- [INSTRUCTIONS TO FOLLOW]:
Using the material below, return exactly the lines between the one holding "What sets the" and the one holding "George and Helen", inclusive, and no others.

- [MATERIAL PROVIDED]:

⁂

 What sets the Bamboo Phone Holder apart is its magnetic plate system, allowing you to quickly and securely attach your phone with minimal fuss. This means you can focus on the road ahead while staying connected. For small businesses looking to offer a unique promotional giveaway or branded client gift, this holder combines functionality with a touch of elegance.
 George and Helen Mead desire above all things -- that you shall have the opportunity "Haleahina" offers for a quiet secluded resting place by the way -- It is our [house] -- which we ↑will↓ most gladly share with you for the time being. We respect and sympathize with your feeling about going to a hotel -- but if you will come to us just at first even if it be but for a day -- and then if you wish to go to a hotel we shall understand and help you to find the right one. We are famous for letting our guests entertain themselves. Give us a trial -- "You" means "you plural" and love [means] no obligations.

⁂

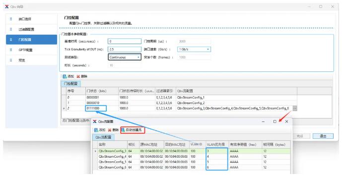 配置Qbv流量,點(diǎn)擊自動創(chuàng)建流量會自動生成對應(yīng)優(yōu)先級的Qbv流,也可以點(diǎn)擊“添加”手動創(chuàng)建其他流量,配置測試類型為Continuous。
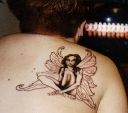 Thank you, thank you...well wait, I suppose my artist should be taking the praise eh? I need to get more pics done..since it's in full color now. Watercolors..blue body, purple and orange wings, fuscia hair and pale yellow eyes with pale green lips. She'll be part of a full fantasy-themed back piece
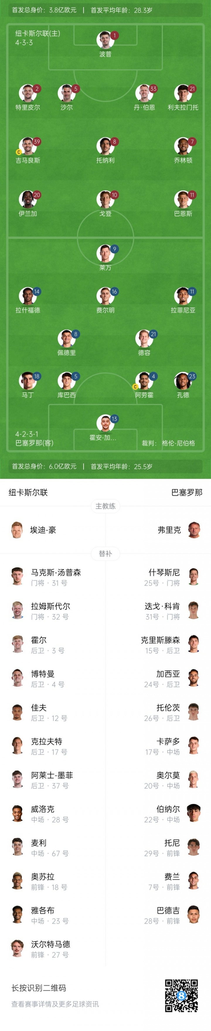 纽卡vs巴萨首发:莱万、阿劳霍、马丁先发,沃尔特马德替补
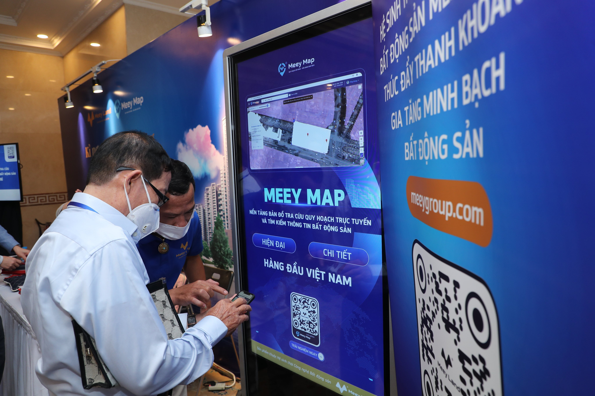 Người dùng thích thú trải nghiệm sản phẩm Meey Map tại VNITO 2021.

⁂

- [WRITTEN ANSWER]:
 What sets the Bamboo Phone Holder apart is its magnetic plate system, allowing you to quickly and securely attach your phone with minimal fuss. This means you can focus on the road ahead while staying connected. For small businesses looking to offer a unique promotional giveaway or branded client gift, this holder combines functionality with a touch of elegance.
 George and Helen Mead desire above all things -- that you shall have the opportunity "Haleahina" offers for a quiet secluded resting place by the way -- It is our [house] -- which we ↑will↓ most gladly share with you for the time being. We respect and sympathize with your feeling about going to a hotel -- but if you will come to us just at first even if it be but for a day -- and then if you wish to go to a hotel we shall understand and help you to find the right one. We are famous for letting our guests entertain themselves. Give us a trial -- "You" means "you plural" and love [means] no obligations.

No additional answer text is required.